Еще учил он, чтобы писатель оставался равнодушным к радостям и огорчениям своих героев. «В одной хорошей повести, – рассказывал он, – я прочел описание приморского ресторана в большом городе. И сразу видно, что автору в диковинку и эта музыка, и электрический свет, и розы в петлицах, и что он сам любуется на них. Так – нехорошо. Нужно стоять вне этих вещей, и хотя знать их хорошо, до мелочи, но глядеть на них как бы с презрением, сверху вниз. И выйдет верно».
VIII
Сын Альфонса Додэ в своих воспоминаниях об отце упоминает о том, что этот талантливый французский писатель полушутя называл себя «продавцом счастья». К нему постоянно обращались люди разных положений за советом и за помощью, приходили со своими огорчениями и заботами, и он, уже прикованный к креслу неизлечимой, мучительной болезнью, находил в себе достаточно мужества, терпения и любви к человеку, чтобы войти душой в чужое горе, утешить, успокоить и ободрить.
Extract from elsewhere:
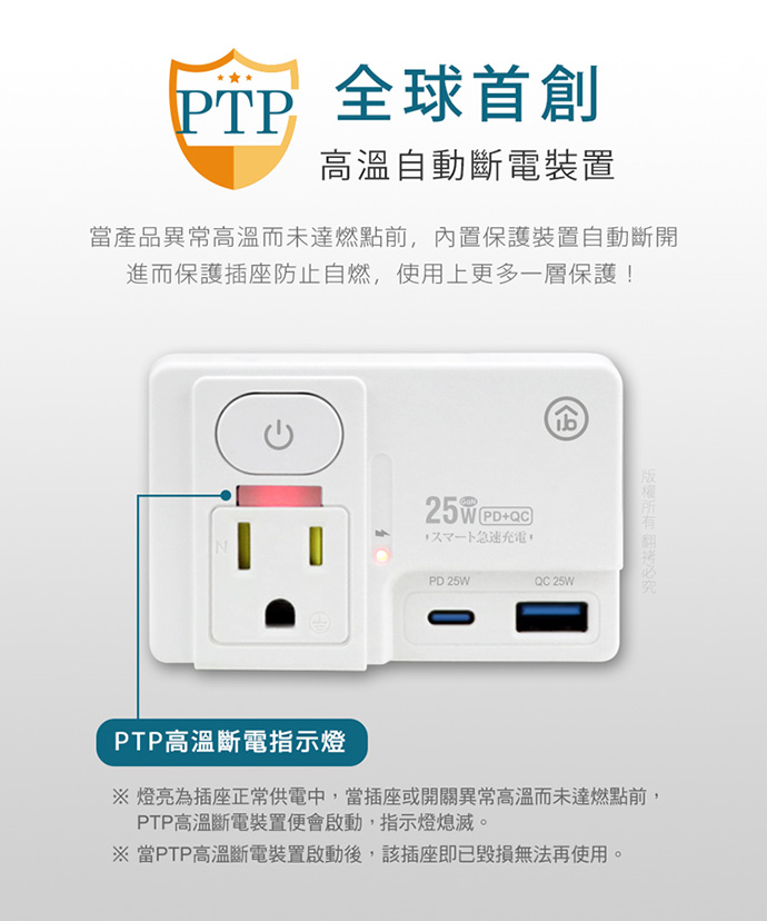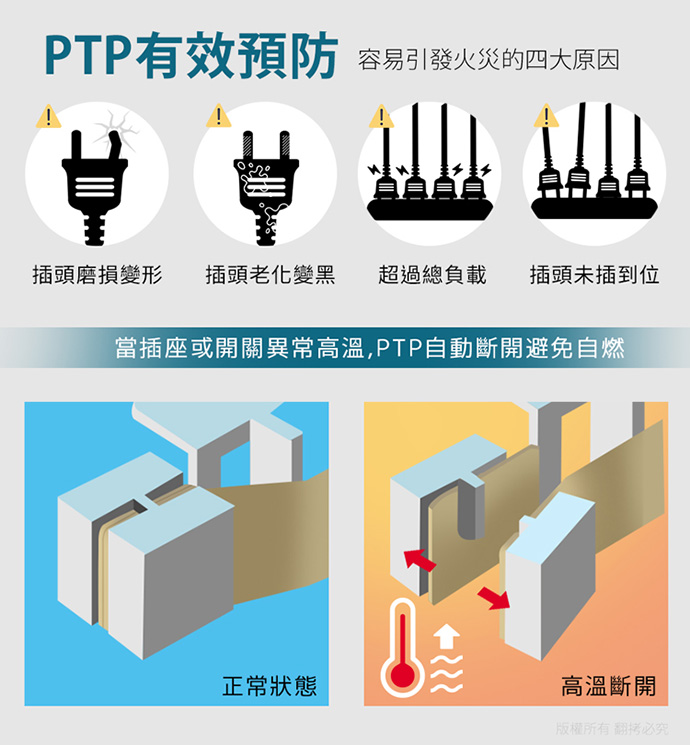 ◆全球首創PTP高溫斷電系統,當插座或開關異常高溫而未達燃點前,PTP裝置自動斷開

Чехов, конечно, по своей необычайной скромности и по отвращению к фразе, никогда не сказал бы о себе ничего подобного, но как часто приходилось ему выслушивать тяжелые исповеди, помогать словом и делом, протягивать падающему свою нежную и твердую руку. В своей удивительной объективности стоя выше частных горестей и радостей, он все знал и видел. Но ничто личное не мешало его проникновению. Он мог быть добрым и щедрым не любя, ласковым и участливым – без привязанности, благодетелем – не рассчитывая на благодарность. И в этих чертах, которые всегда оставались неясными для его окружающих, кроется, может быть, главная разгадка его личности.
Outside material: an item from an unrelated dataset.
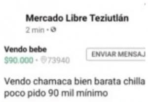 En los detalles de la imagen explicaba que era muy joven para mantenerla y que su marido la había dejado. Dicha fotografía apareció en un grupo de facebook llamado “Mercado Libre Teziutlán.” explica el reconocido medio Radio Fórmula.

Пользуясь позволением одного моего друга, я приведу коротенький отрывок из чеховского письма. Дело в том, что этот человек переживал большую тревогу во время первой беременности горячо любимой жены и, по правде сказать, порядочно докучал А. П. своей болью. И вот Чехов однажды написал ему:
«Скажите вашей жене, чтобы не беспокоилась, все обойдется благополучно. Роды будут продолжаться часов двадцать, а потом наступит блаженнейшее состояние, когда она будет улыбаться, а вам будет хотеться плакать от умиления. Двадцать часов – это обыкновенный maximum для первых родов».
Какое тонкое внимание к чужой тревоге слышится в этих немногих, простых строчках. Но еще характернее то, что, когда впоследствии, уже сделавшись счастливым отцом, этот мой приятель спросил, вспомнив о письме, откуда Чехов так хорошо знает эти чувства, А. П. ответил спокойно, даже равнодушно:
– Да ведь когда я жил в деревне, мне же постоянно приходилось принимать у баб. Все равно – и там такая же радость.
Если бы Чехов не был таким замечательным писателем, он был бы прекрасным врачом. Доктора, приглашавшие его изредка на консультации, отзывались о нем, как о чрезвычайно вдумчивом наблюдателе и находчивом, проницательном диагносте. Да и не было бы ничего удивительного в том, если бы его диагноз оказался совершеннее и глубже диагноза, поставленного какой-нибудь модной знаменитостью. Он видел и слышал в человеке – в его лице, голосе и походке – то, что было скрыто от других, что не поддавалось, ускользало от глаза среднего наблюдателя.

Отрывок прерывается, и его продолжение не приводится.